再睁眼,视野逐渐清晰,屋里的灯不知何时熄灭了,只有淡淡的月光倾泻在床上。
床上躺着沈清野,她还在陈平郡王府。
居然还在这儿?刚刚到实验室难道是幻觉?
定下心神,她伸手探进袖笼,摸到了一个针管,忍不住满头黑线。
她到底身处何方?这针管和实验室又算什么?穿越套餐的特殊优惠吗?
在心底吐槽了一通,牧野槿没有忘记给沈清野注射强心剂。
处理好针管放进袖笼,她又搭上沈清野的手腕,这回脉搏跳动的力度越发有力。
牧野槿松了一口气,瘫坐在床边,目光扫到手腕,低低笑道:“姑奶奶为了救你牺牲这么多,你要是还醒不过来也太说不过去了吧?”
不过她没时间去管沈清野什么时候醒过来,再不处理自己的伤口,她就要晕过去了。
拖着病体一步一步挪到门前,她刚要开门,却听到外面低声的争论。
“棠叔为何一而再再而三阻拦我?你明知道那个女人抢了九转还魂丹!”画楼两手抱怀,警惕地看着棠安。
那可是九转还魂丹,唯一能救王爷命的东西,他们等了整整三年,才等到那一颗,棠安没有理由如此冷静。
倏地,他眸光一冷,侧手背向身后,稚嫩的面庞上是毫不掩饰的怀疑:“莫非你还忘不了旧主?”
他跟在王爷身边的时候,棠安已经是郡王府的管家了,只不过那时王爷还不是质子,而所有人都因为他的忠心,刻意忽略了棠安原本的主子。
“现在不是说这些的时候。我只能告诉你,对王爷,我问心无愧。”棠安盯着房门,晦暗的眼神闪着烛光,坦荡真诚,不像做假。
他不解释,画楼就更加坚定自己的想法。
信你就怪了!要不是打不过你,我怎么可能让你抢走王爷?
“希望你说到做到,否则,我一定替王爷清理门户!”
在里面偷听的牧野槿转头看着陷入阴影的沈清野,眉头一挑,失声轻笑。
也不知道该说他幸运还是不幸,身边既有画楼这样忠心不二的侍卫,也有棠安这般忠奸难辨的管家。
啧啧,还是自己孤身一人来得轻松啊。
顿了一会儿,外面没了声音,她才伸手开门,“你们再吵一会儿,就能给你你家王爷准备后事了。”

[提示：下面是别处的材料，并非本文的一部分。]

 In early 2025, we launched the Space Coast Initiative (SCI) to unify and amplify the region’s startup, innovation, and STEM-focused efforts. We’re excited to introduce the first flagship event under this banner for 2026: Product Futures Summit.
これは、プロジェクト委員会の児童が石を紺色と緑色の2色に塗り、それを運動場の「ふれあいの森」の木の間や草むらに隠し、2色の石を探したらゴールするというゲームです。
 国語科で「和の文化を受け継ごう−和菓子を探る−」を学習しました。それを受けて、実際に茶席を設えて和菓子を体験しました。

这两个人都身怀绝技,牧野槿才不相信他们没发现自己,主动开口打破尴尬。
“你……”画楼不善言辞,又接连被两个人气到,看着她苍白的脸色冷哼道,“还不一定谁比谁先死呢!”
说罢,他又重重撞了一下牧野槿,高傲地走进去。
他这一下可不轻,牧野槿瞬间痛到五官扭曲,弯腰靠在门框上,才勉强支撑住身体。
混蛋!这笔账不还给你,姑奶奶的名字倒过来写!
“姑娘可要找个大夫?”看着她扭曲的脸,棠安也跟着倒吸凉气,小心问道。
“大夫就不用了,找个会包扎的丫鬟就行。”这么痛应该是伤口裂开了,必须尽快处理。
“这……”棠安犹豫地思索,大夫还挺好找,但是这丫鬟……
“你别告诉我,偌大郡王府,连个能动的丫鬟都没有?”牧野槿瞪大眼睛,看傻子似的看着棠安。

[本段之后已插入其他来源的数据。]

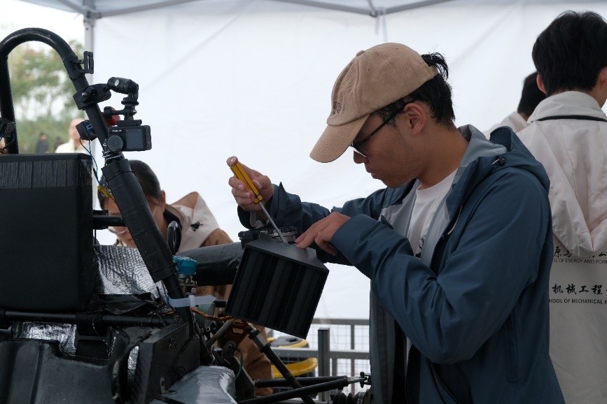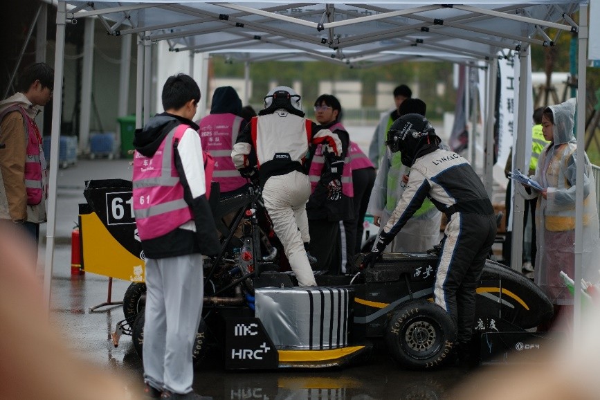 开赛第二、三天进行静态、动态车检。车检内容是衡量参赛车辆的重要标准,包括车轮外观、底盘、座舱空间、发动机等十余大项全面且入微的指标,任何一项没有通过检查,车辆均不能驶上赛道。面对换挡失效、卡钳故障和进气断裂等问题,毅行队员以高效率和专业素质分析解决问题,最终XR25B通过了数百道严格的车检。

就是再寒酸的王爷,也得有两个丫鬟吧,沈清野是寒碜到了什么地步,连一个丫鬟都没有?
“王爷不喜女人近身,所以府上伺候的都是男子。”被她关爱智障的眼神看着,棠安拱手道,“我这就去给姑娘找人,姑娘放心!”
这厢话音刚落,屋里陡然传来一阵惊呼:“王爷!您怎么吐血了?”
“不可能。”牧野槿一口回绝,比棠安更先冲了进去。
床边,画楼颤颤巍巍地捏着帕子,擦掉沈清野嘴边的血迹。
“本王没被毒死,也被你吓死了。”将将醒过来,沈清野还虚弱着,“药株收起来了吗?”
“回王爷,王妃给您治病之前,我已经收起来了。”听棠安解释,沈清野面色微怔,没想到是牧野槿救了自己。
“她人呢?”
“在这儿。”牧野槿见他没事,嘴角的血还是自己的,白了画楼一眼。大惊小怪!
腹部越来越痛,她也得找个地方帮自己处理伤口,叮嘱道:“你记得找个大夫,我先去休息了。”

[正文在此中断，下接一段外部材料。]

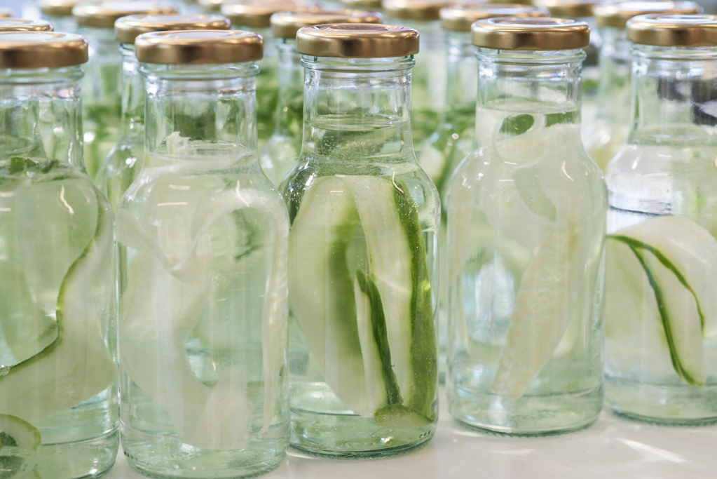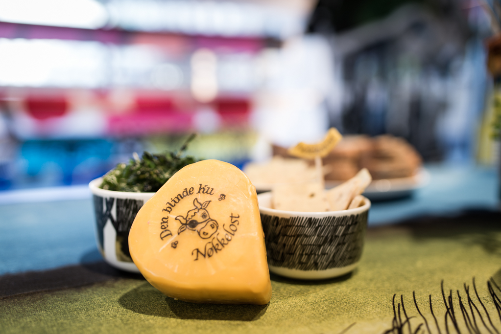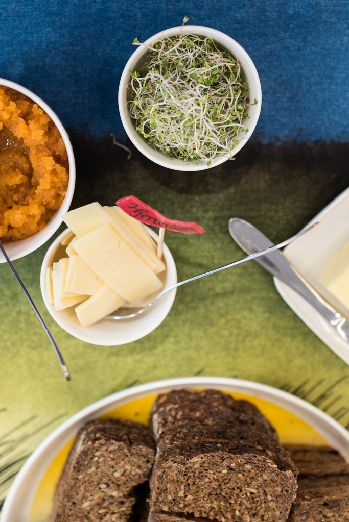 Dense slices of rye bread were served with local organic cheeses. A homemade carrot jam was made with carrots from Ramme Gård and was a perfect accompaniment to the cheese. Visually striking bowls of crisp kale chips dusted with salt were a tasty and healthy snack that were washed down with a cooling cucumber and mint drink.

“画楼,送她去月漪园。”沈清野开口吩咐,画楼拗不过王爷,只能扶牧野槿离开。
挣扎间,牧野槿左手袖口蹭了上去,露出一道暗红的伤痕。
棠安看着如此新鲜的伤口,再想起画楼的话,莫非王爷嘴边的血是她的?
他正思索要不要把此事告诉王爷,门口突然噼里啪啦一阵响,接着便传来一声惨叫——
“我的汤药!我的草药啊!”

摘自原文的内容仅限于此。